====== INFORMATION SUPPLIED ======

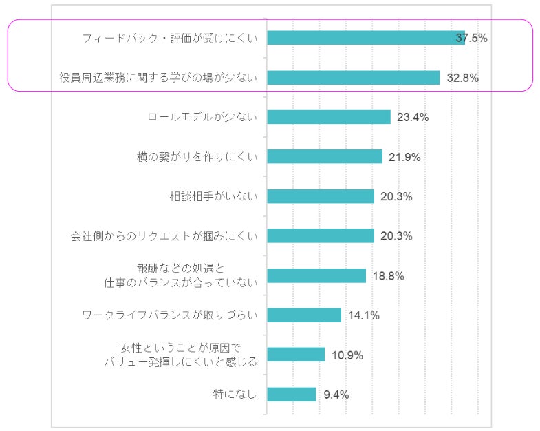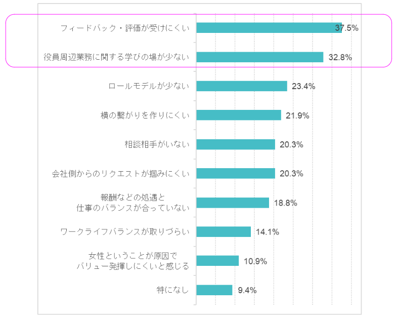 「フィードバック・評価が受けにくい」が37.5%、次いで「役員周辺業務に関する学びの場が少ない」が32.8%(複数回答)
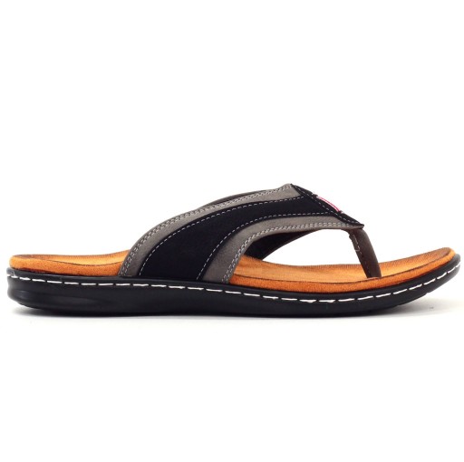 Męskie japonki w kolorze szaro-czarnym. Idealnie sprawdzą się jako obuwie na co dzień w ciepłe dni lub obuwie domowe. Miękka, profilowana wkładka zapewnia komfort użytkowania.Szyta podeszwa skutkuje dłuższą wytrzymałością. Prosty fason pasuje do wielu stylizacji.
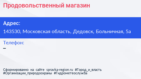 Продовольственный магазин по адресу 143530, Московская область, Дедовск, Больничная, 5а в дальнейшем Организация, размещена в следующих категориях:
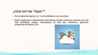 Este documento describe varias aplicaciones educativas de Google como Gmail, Calendar, Docs, Sites, Groups y Video que pueden usarse en el aula. Estas herramientas permiten comunicación y colaboración en línea entre estudiantes y profesores mediante correo electrónico, agenda compartida, edición de documentos en la nube, creación de sitios web y videos, y organización de grupos. El documento concluye que el uso de dispositivos móviles y estas aplicaciones puede modernizar la enseñanza y facilitar un aprendizaje más significativo para los
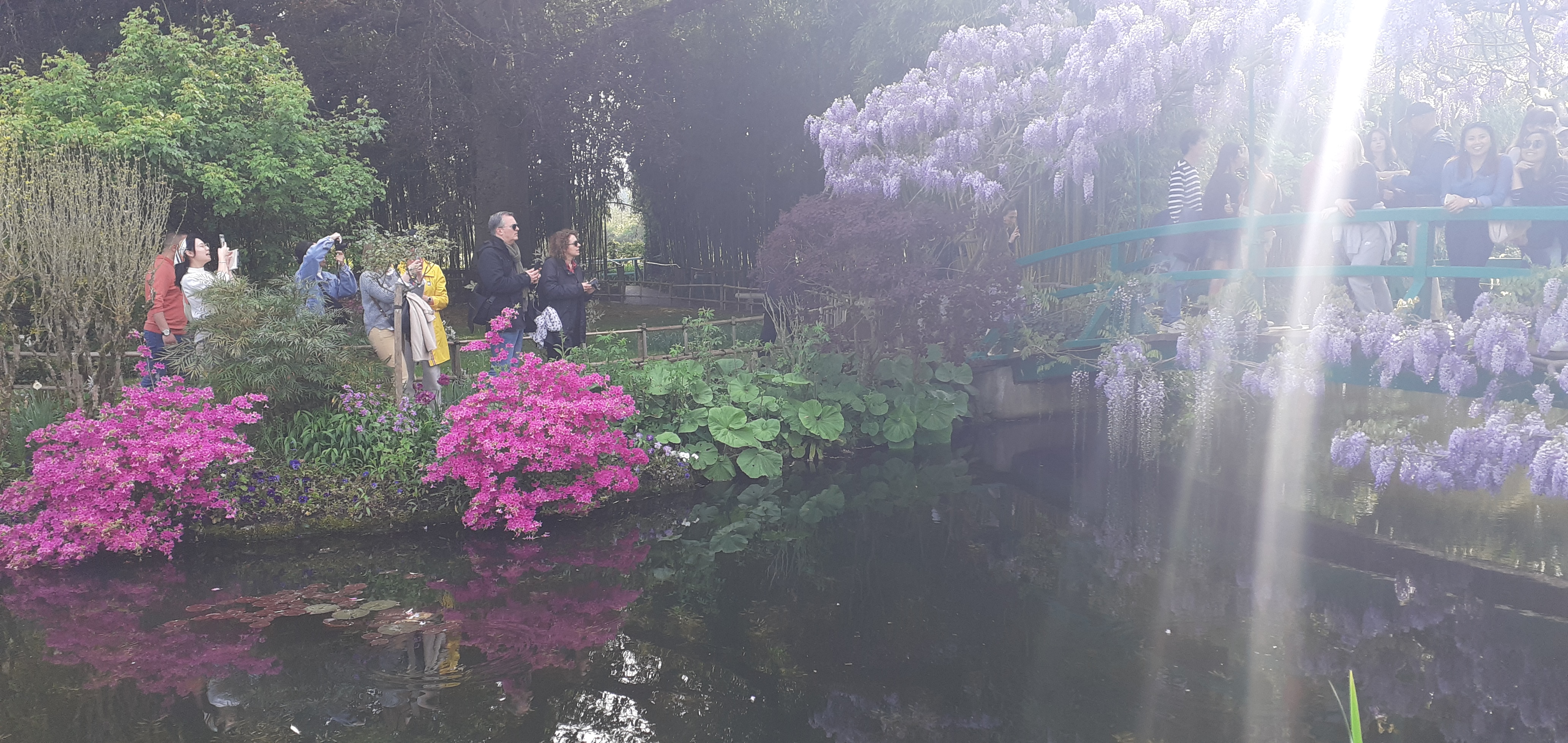 Posté le 07/05/2023 à 13:02" Un coin de paix enchanteur et évocateur à une heure de Paris, un petit lac artificiel peuplé de nénuphars, entouré de fleurs, et traversé par le célèbre pont japonais orné de glycines fleuries. un lieu magique à visiter, la visite est incluse dans la visite de la maison monet et du jardin. Prix 13 euros. "
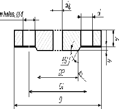 PN, МПа | DN, мм | D, мм | D1, мм | dв, мм | dн, мм | D2, мм | Число отверстий, n | d, мм | h, мм | h+b, мм | b, мм |
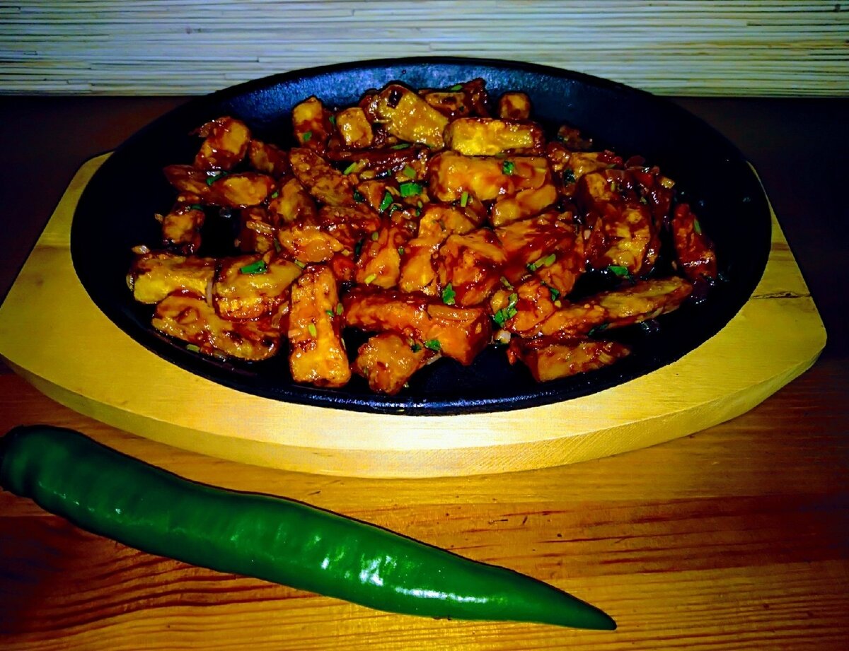 Следующий этап — обвалка баклажанов в крахмале и жарка во фритюре до золотистой корочки. Важно делать это порционно, чтобы кусочки не слипались. На сковороде следует обжарить лук, добавить острый перец и чеснок, а затем добавить жареные баклажаны. Противень с соусом, состоящим из соевого соуса, кетчупа лечо, сахара и уксуса, завершает композицию. Весь процесс требует внимания, но результат стоит того!
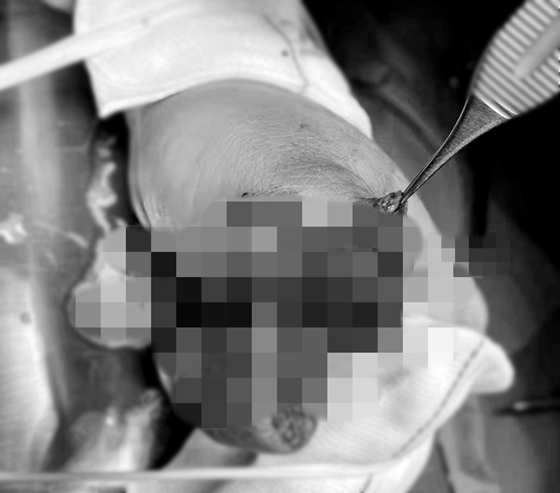陈治佑医生赶到后,详细为李阿姨体查可见右手拇指呈不全离断,仅有掌侧几毫米宽度的皮肤相连,离断的拇指末梢指腹苍白干瘪,感觉丧失,无毛细血管回流,断端搏动性射血,当即用无菌纱布给阿姨加压包扎止血。
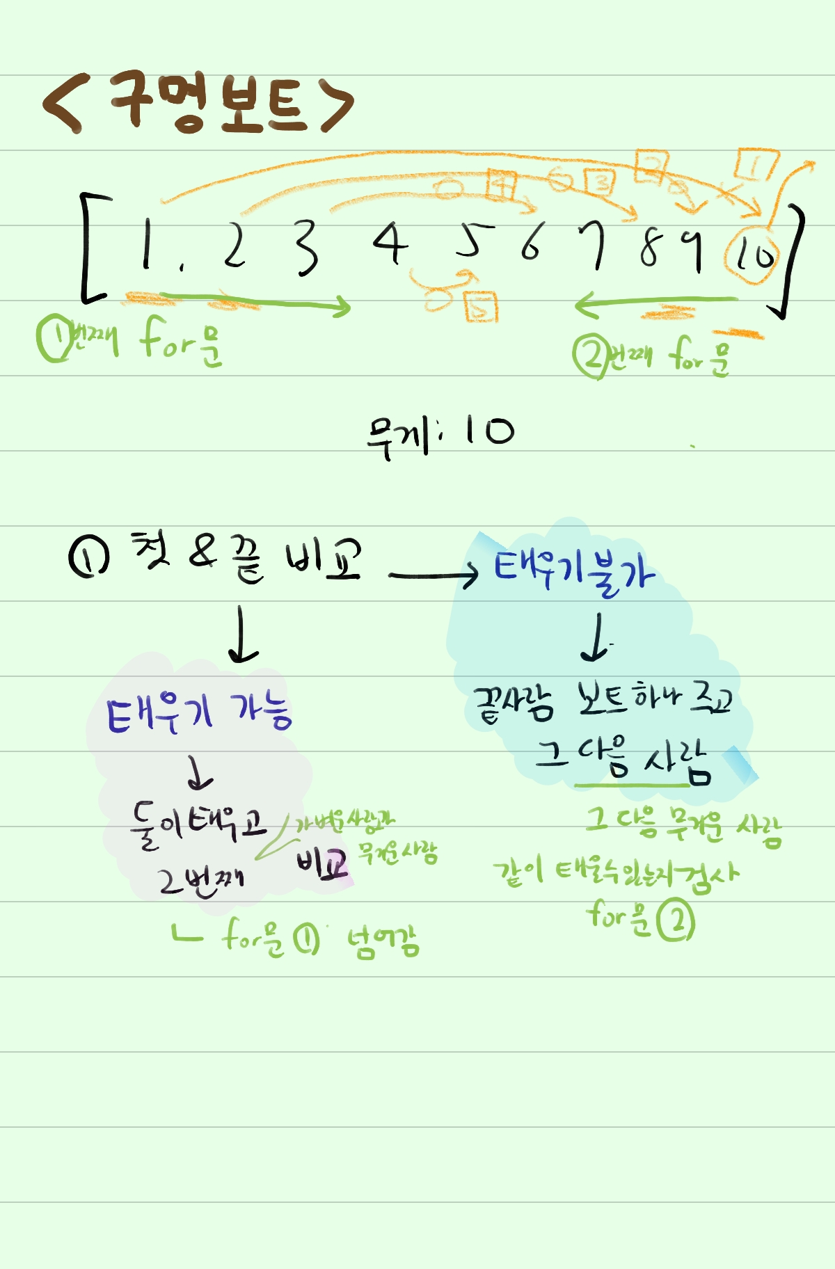 => 무거운사람에게 1인용 보트를 준 후(boat +=1) 방금 검사했던 가벼운사람과 그 다음 무거운 사람을 다시 검사합니다.

======

Keep the pictures out and repeat exactly the lines from the beginning of the data through the line that contains "Продовольственный магазин по", both ends included.

FINAL ANSWER:
 「フィードバック・評価が受けにくい」が37.5%、次いで「役員周辺業務に関する学びの場が少ない」が32.8%(複数回答)
 Męskie japonki w kolorze szaro-czarnym. Idealnie sprawdzą się jako obuwie na co dzień w ciepłe dni lub obuwie domowe. Miękka, profilowana wkładka zapewnia komfort użytkowania.Szyta podeszwa skutkuje dłuższą wytrzymałością. Prosty fason pasuje do wielu stylizacji.
 Продовольственный магазин по адресу 143530, Московская область, Дедовск, Больничная, 5а в дальнейшем Организация, размещена в следующих категориях:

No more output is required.